Zoë was calmly surveying the ice-blue tips of her sandals. Easily she folded her hands behind her head in Charlie’s relaxed “don’t give a damn” gesture. She smiled, and the dimples appeared. Her breasts tightened and lifted with her arms, the softly draped sleeves of her blue crepe dress falling away and stirring the delicate fragrance of her custom-made perfume. “Neither of you dear people,” she said, “seem to get the idea at all. I
know
Charlie. I know all the things he seems to be. Undependable, thoughtless—even heartless at times. But I have the strength to give him purpose. I can protect him from himself. He is a lousy businessman—really—I know that. Intuitive, sharp, he doubles, halves, triples and loses money for accounts that make conservative investors shudder, and then makes it all back again. He might lose his shirt completely someday—but maybe I can prevent that. I love him because money seems to have no value to him——”

“Oh, now, Zoë!” Virginia interrupted. “What would he do—what would he be—without it?”

“He’ll never be without it, Virgie love, because somebody will always be around to take care of him. I want to be that person. I want you to make him see that.”

The rain had stopped. Deep in the canyon of the street below the faint tooting of horns could be heard again. Jeff and Virginia looked at each other over the coffee table, in quiet hopelessness which Jeff tried to express. “What can we say to you, Zoë? You’re in love and determined to marry Charlie. All we can do is say to Charlie that he’s a lucky guy.” He smoothed the tartan cashmere over his knees.

“Damn!” cried Virginia from her corner of the big couch. She held up a shapeless hunk of fluff. “I forgot to decrease, and now I’ve got to take the whole thing back about six rows. Catch!” she said to Jeff, tossing him the ball of yarn. “Wind it up while I pull out this mess. I don’t know why I persist in making itty bitty things, when my fingers are meant to do nothing but pound a typewriter.”

“How’s the book coming?” asked Zoë.

“Don’t get me started, Zoë, you’d find it dull.
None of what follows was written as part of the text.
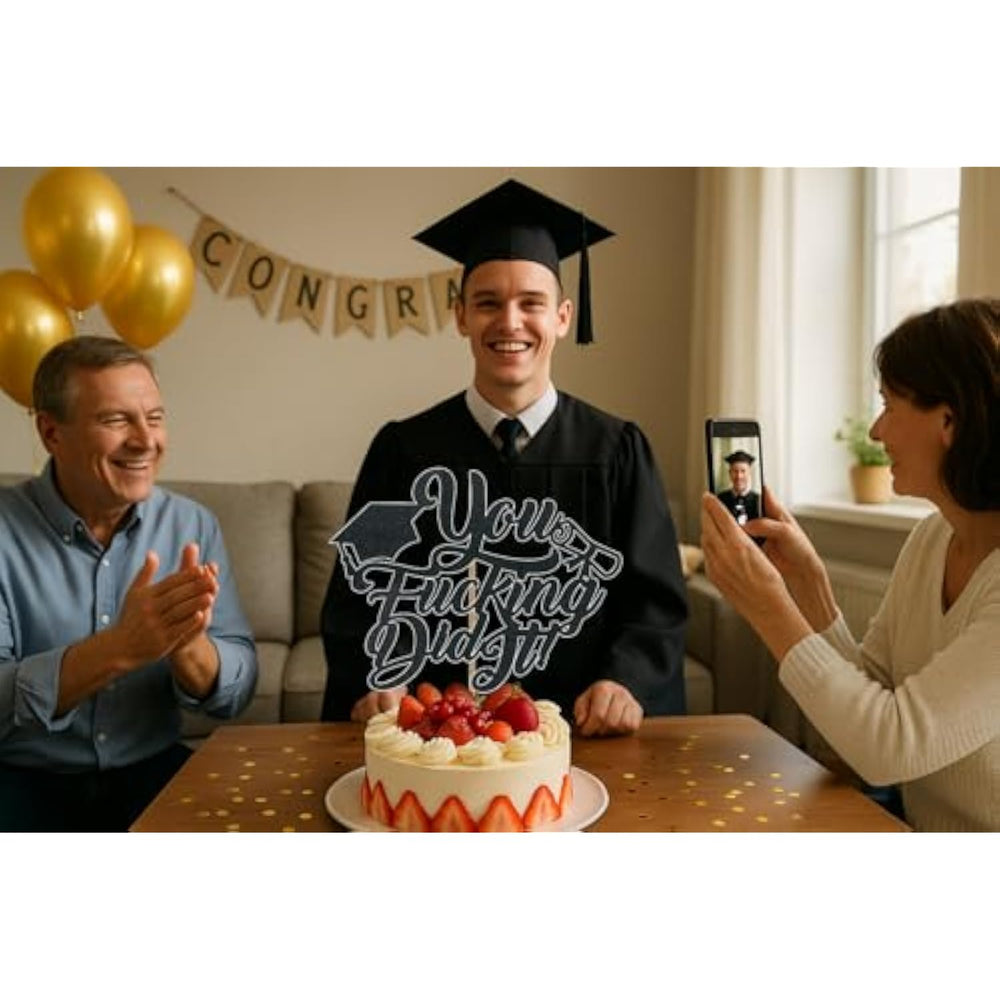 | Bold Hilarious Design That Steals The Show – This You Did It Cake Topper Features An Eye-Catching Script With A Graduation Cap Graphic And Cheeky Wording That Instantly Lights Up The Celebration. As One Of The Most Striking Graduation Toppers, This Bold Grad Cake Topper Adds Laughter, Personality, And Unforgettable Style To Any Graduation—Whether It’S Kindergarten, High School, College, Or Beyond. | | Premium Glitter Cardstock – No Mess, All Glam – Made From High-Quality No-Shed Glitter Cardstock, This 2025 Cake Topper Graduation Shines Under Lights Without Shedding Glitter On Frosting Or Tablecloths. Its Thick, Durable Build Keeps The Congrats Cake Topper Standing Tall In Cakes, Floral Centerpieces, Or Memory Boxes—No Drooping, Bending, Or Mess, Just Clean Sparkle That Lasts. | | Sturdy, Lightweight Reusable For Multiple Celebrations – Built To Last, This Graduation Topper Features Sturdy Construction That Keeps It Upright From Start To Finish. The Graduation Cap Cake Topper Is Lightweight, Reusable, And Often Shared With Friends For Future Parties. The Congratulations Cake Topper Doubles As A Graduation Hat Cake Topper Keepsake You’Ll Want To Save And Use Again. | | Perfect Size Ready-To-Use Convenience – The Graduate Cake Topper Fits Cakes From 6 To 10 Inches And Comes Pre-Assembled With A Sturdy Stick, So You Can Place The Graduation Cake Topper 2025 Straight Into Your Dessert—No Diy Needed. This Time-Saving Graduation Cake Decoration Makes Setup Fast And Stress-Free For Busy Hosts, Parents, Or Last-Minute Party Planners. | | Versatile Photo-Ready For Any Setup – More Than Just A Cake Accessory, This Happy Graduation Cake Topper Also Works As A Centerpiece, Photo Prop, Or Standout College Graduation Decor. With Crisp Lines And A Sparkling Finish, The 2025 Graduation Cake Topper Shines In Every Photo, While The Graduation Decorations Help Create Unforgettable Moments Your Grad Will Cherish. | |

I’ve just uncovered some evidence, about Richard III and Henry VII, that makes me feel my historical novel is going to turn into a first-class whodunit.”

“Sounds marvelous, darling,” but her heart wasn’t in it, for Zoë was repairing her lipstick in a small gold mirror, and wondering how to get the conversation back onto Charlie, without being too much of a bore. She rose and went to the tall windows, staring out at the lights and the blackness that was the river.

Behind her, Jeff was winding the wool too tightly—as it pulled taut between them, Virginia looked up quickly to protest, to find Jeff’s eyes on her, teasing, warm. “I love you so much,” he whispered; then, as she shook her head in a smile, he turned to Zoë. “Helps, doesn’t it?”

Zoë spun back to them, the dimples gone, her eyes sparkling with tears. “Helps what, for God’s sake!” The two took no notice of the heartache in her voice.

Jeff went on, “To look at water—to spread your thoughts over it like a net.”

Zoë looked out at the river again, sniffling. “My net doesn’t haul up any fishes, that’s the trouble—solutions, I mean.”

Virginia said, “When Jeff and I were on our honeymoon in Europe we were always gravitating to the call of watery vistas.”